Source: BleepingComputer
Author: Bill Toulas
URL: https://www.bleepingcomputer.com/news/security/us-disrupts-socksescort-proxy-network-powered-by-linux-malware/
ONE SENTENCE SUMMARY:
International law enforcement and Lumen dismantled SocksEscort, a decade-old proxy botnet abusing AVRecon-infected Linux routers, seizing domains, servers, and crypto.
MAIN POINTS:
- Black Lotus Labs reported ~20,000 infected edge devices active weekly for years.
- First publicly documented in 2023, the service operated over a decade selling proxy routing.
- Advertisements promised “clean” ISP IPs able to evade common blocklists.
- DOJ stated access was sold to roughly 369,000 distinct IP addresses since summer 2020.
- By February 2026, customers could choose from ~8,000 infected routers, 2,500 in the U.S.
- Investigators linked the proxy service to cryptocurrency theft and multiple large fraud losses.

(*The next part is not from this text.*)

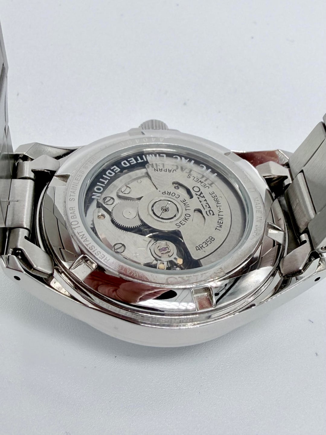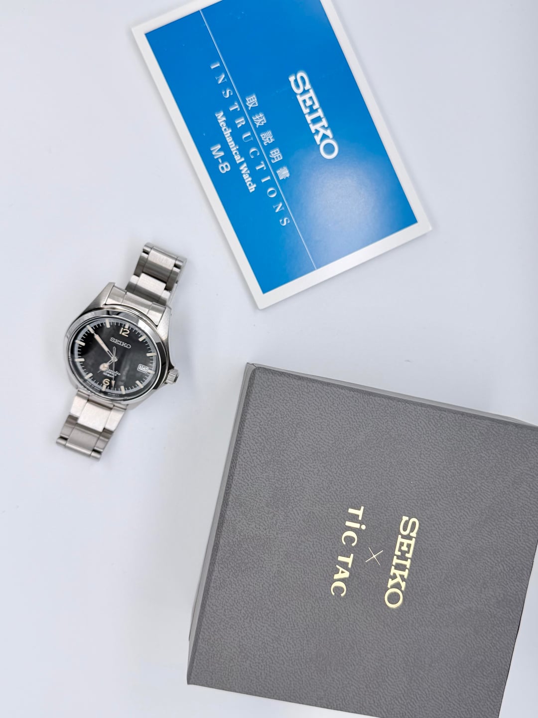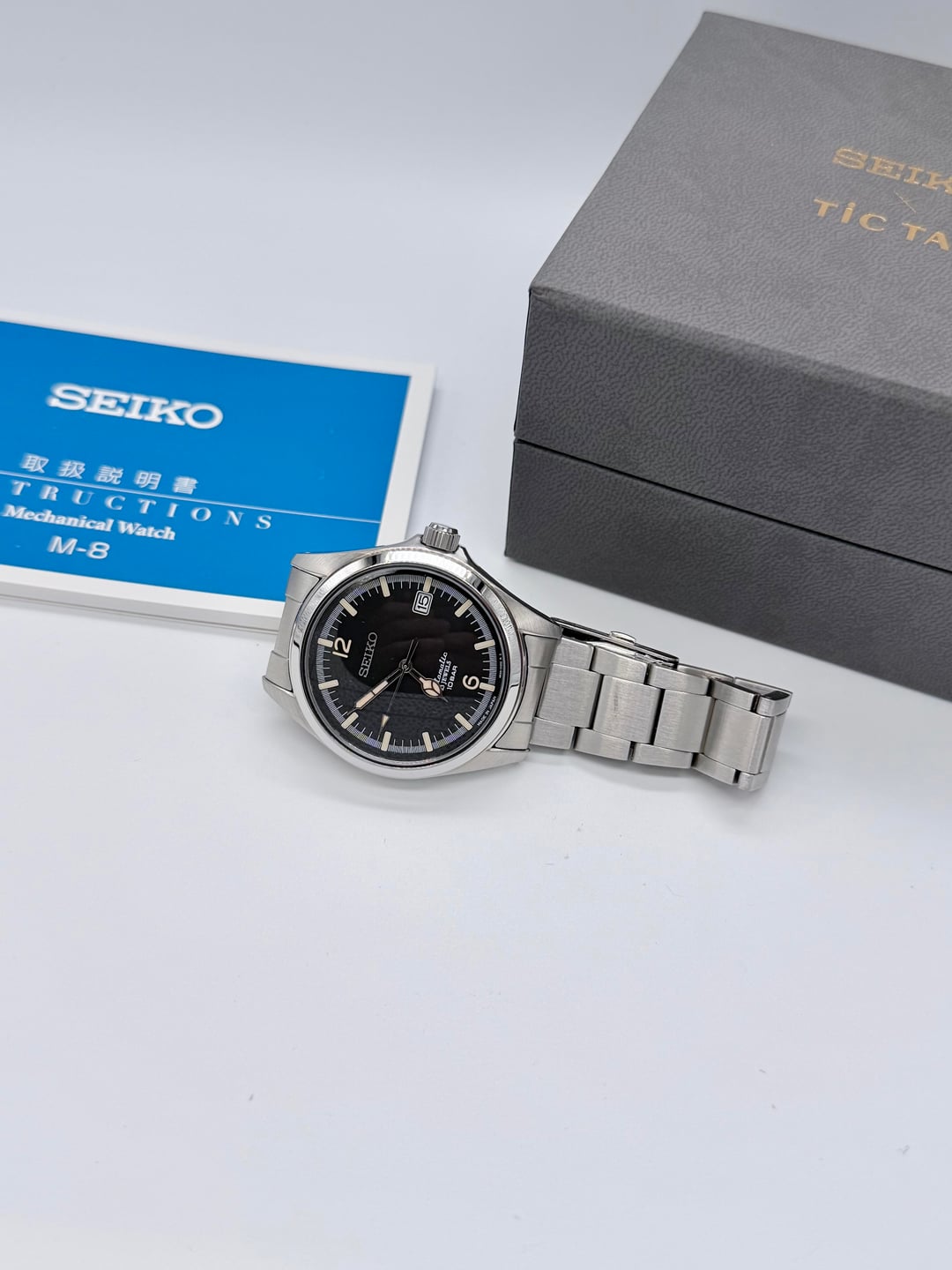 I’m offering for sale the Seiko x TiCTAC SZSB006 “Black” Limited Edition, a special collaboration model released to celebrate TiCTAC’s 35th Anniversary. This watch has been lightly worn and remains in excellent condition, showcasing Seiko’s signature blend of modern and classic design. Specifications: Movement: Seiko Automatic 4R35 (hand-winding & hacking). Power Reserve: Approx. 41 hours Case: Stainless Steel Case Size: 40mm diameter × 11mm thickness Dial: Deep black – sleek, elegant, and beautifully reflective under light. Crystal: Hardlex Bracelet: Original stainless steel bracelet (all links included). Water Resistance: 10 bar Accessories Included : bracelet tool Full kit – original box with logo, bracelet tool and user manual. Price: $499 USD Thank you for your interest

- Europol-coordinated actions seized 34 domains and 23 servers across seven countries.
- U.S. authorities froze $3.5 million in cryptocurrency tied to the operation.
- AVRecon, active since at least May 2021, infected over 70,000 Linux SOHO routers.
- After Lumen’s 2023 C2 null-routing, operators resumed using about 15 C2 nodes.
TAKEAWAYS:
- Edge routers remain high-value infrastructure for criminal proxy services and anonymity.
- One-time C2 disruption can be temporary without persistent takedowns and ecosystem coordination.
- Proxy networks monetizing “residential” IPs materially enable fraud and crypto theft.
- Replace end-of-life routers and apply firmware updates to reduce AVRecon-style compromise.
- Harden administration by changing defaults and disabling unnecessary remote management interfaces.